>>>>>
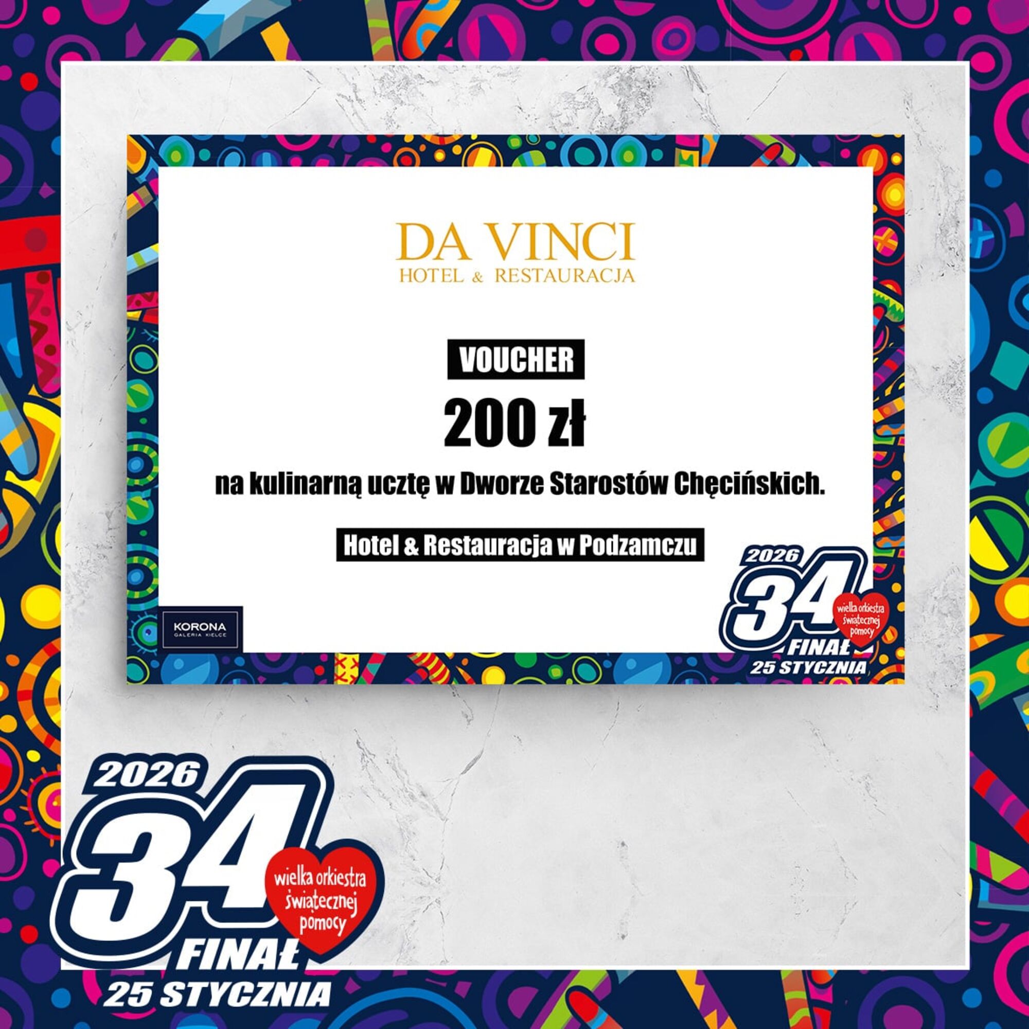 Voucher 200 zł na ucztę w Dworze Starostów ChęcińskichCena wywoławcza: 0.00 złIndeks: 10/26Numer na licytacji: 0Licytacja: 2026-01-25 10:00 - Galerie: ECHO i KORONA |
<<<<<
>>>>>
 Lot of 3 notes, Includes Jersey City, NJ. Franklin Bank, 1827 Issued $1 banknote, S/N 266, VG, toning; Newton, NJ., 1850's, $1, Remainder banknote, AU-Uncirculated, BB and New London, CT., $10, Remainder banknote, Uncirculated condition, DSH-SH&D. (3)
<<<<<
>>>>>
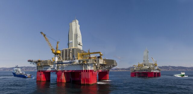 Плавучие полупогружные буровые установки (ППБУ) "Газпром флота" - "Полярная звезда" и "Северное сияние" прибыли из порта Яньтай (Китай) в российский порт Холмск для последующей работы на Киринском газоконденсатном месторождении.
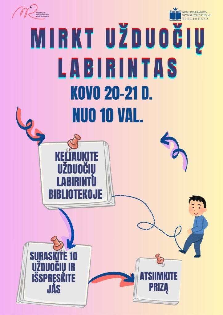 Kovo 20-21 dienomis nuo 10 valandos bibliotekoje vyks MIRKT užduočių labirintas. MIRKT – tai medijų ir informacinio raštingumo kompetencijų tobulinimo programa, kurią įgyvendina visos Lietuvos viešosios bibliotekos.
<<<<<
=== TO DO ===
What to print is the stretch of entries from the line with "Плавучие полупогружные буровые" up to and including the line with "Kovo 20-21 dienomis". Please print it exactly and leave out the pictures.

=== WRITTEN RESPONSE ===
 Плавучие полупогружные буровые установки (ППБУ) "Газпром флота" - "Полярная звезда" и "Северное сияние" прибыли из порта Яньтай (Китай) в российский порт Холмск для последующей работы на Киринском газоконденсатном месторождении.
 Kovo 20-21 dienomis nuo 10 valandos bibliotekoje vyks MIRKT užduočių labirintas. MIRKT – tai medijų ir informacinio raštingumo kompetencijų tobulinimo programa, kurią įgyvendina visos Lietuvos viešosios bibliotekos.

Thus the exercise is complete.